Note: Your *target_column_name* has to be "DOC_ID" to be able to use pre-trained base models. If you're target column is something else, please rename it to "DOC_ID". Also, the "DOC_ID" should contain integers from from 0 to n_rows - 1.

If you're creating a DN from scratch, this is not mandatory. 

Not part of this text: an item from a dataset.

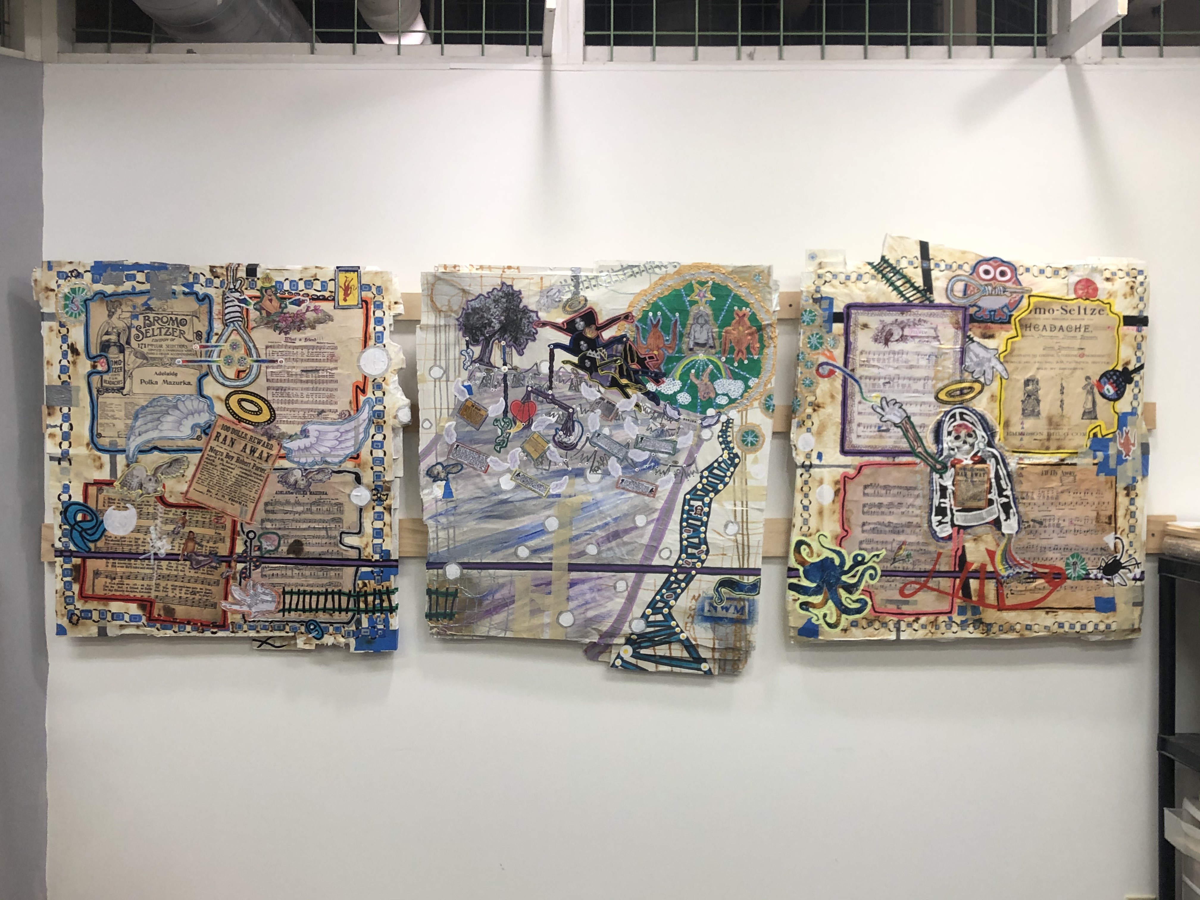 Though it’s expensive to me both practically and I suppose emotionally too, this more contemplative mode that this constant diet of social media and tech has put me in lately does make me feel like I’m making stronger work. I’m enjoying the process too. I’m finding that my time in my studio is in a way more efficient and I feel connected to a zeitgeist that helps with the social isolation that can hit artists. Here’s where all three projects are right now in my studio.

We currently only support CSV files. All other file formats have to be converted into CSV files where each row represents a paragraph/text-chunk of the document. 

In [None]:
schema = {
    'search_string_name':"QUERY", ## keep this as it is if you want to use our base models.
    'target_column_name':"DOC_ID",
    'strong_search_columns':["passage"],
    'weak_search_columns':["para"],
}

### Initialize your NeuralDB
#### Option 1: Initialize from scratch

In [6]:
ndb = bolt.UniversalDeepTransformer(
    data_types = {
        schema['search_string_name']: bolt.types.text(tokenizer="char-4"),
        schema['target_column_name']: bolt.types.categorical(delimiter=":"),
    },
    target=schema['target_column_name'],
    n_target_classes=1000000, # this is the expected number of unique paragraphs in the DB, larger number will increase the training time
    integer_target=True,
    options={"neural_db": True}
)

#### Option 2: Load from a checkpoint

In [None]:
import os

## Pick your choice of base NeuralDB. We currently offer three choices
## 1. "qna_1" : pre-trained on a public QnA dataset
## 2. "qna_2" : pre-trained on a larger public QnA dataset
## 3. "contracts" : pre-trained on CUAD dataset, tailored towards tasks like contract reviewing

checkpoint = "qna_2.bolt"

if not os.path.exists(checkpoint):
    if checkpoint=="qna_1.bolt":
        os.system("wget -O qna_1.bolt 'https://www.dropbox.com/scl/fi/8i3qd9edhrm6zjviq7vvy/qna_1_0.7.7_frozen.bolt?dl=0&rlkey=raonu7dh3cy6mooucjrns49vf' ")
    elif checkpoint=="qna_2.bolt":
        os.system("wget -O qna_2.bolt 'https://www.dropbox.com/scl/fi/27psws3dcujgbma5xwsh1/qna_2_0.7.7_frozen.bolt?dl=0&rlkey=z1ivtoquspqole3i6mdmgwb9v' ")
    elif checkpoint=="contracts.bolt":
        os.system("wget -O contracts.bolt 'https://www.dropbox.com/scl/fi/dk9bw59bix245d9x49nhy/contracts_0.7.7_frozen.bolt?dl=0&rlkey=xs9uzyv65sug30oi201sy7u6v' ")
    else:
        print("please choose the checkpoint from the aforementioned list in the comment only")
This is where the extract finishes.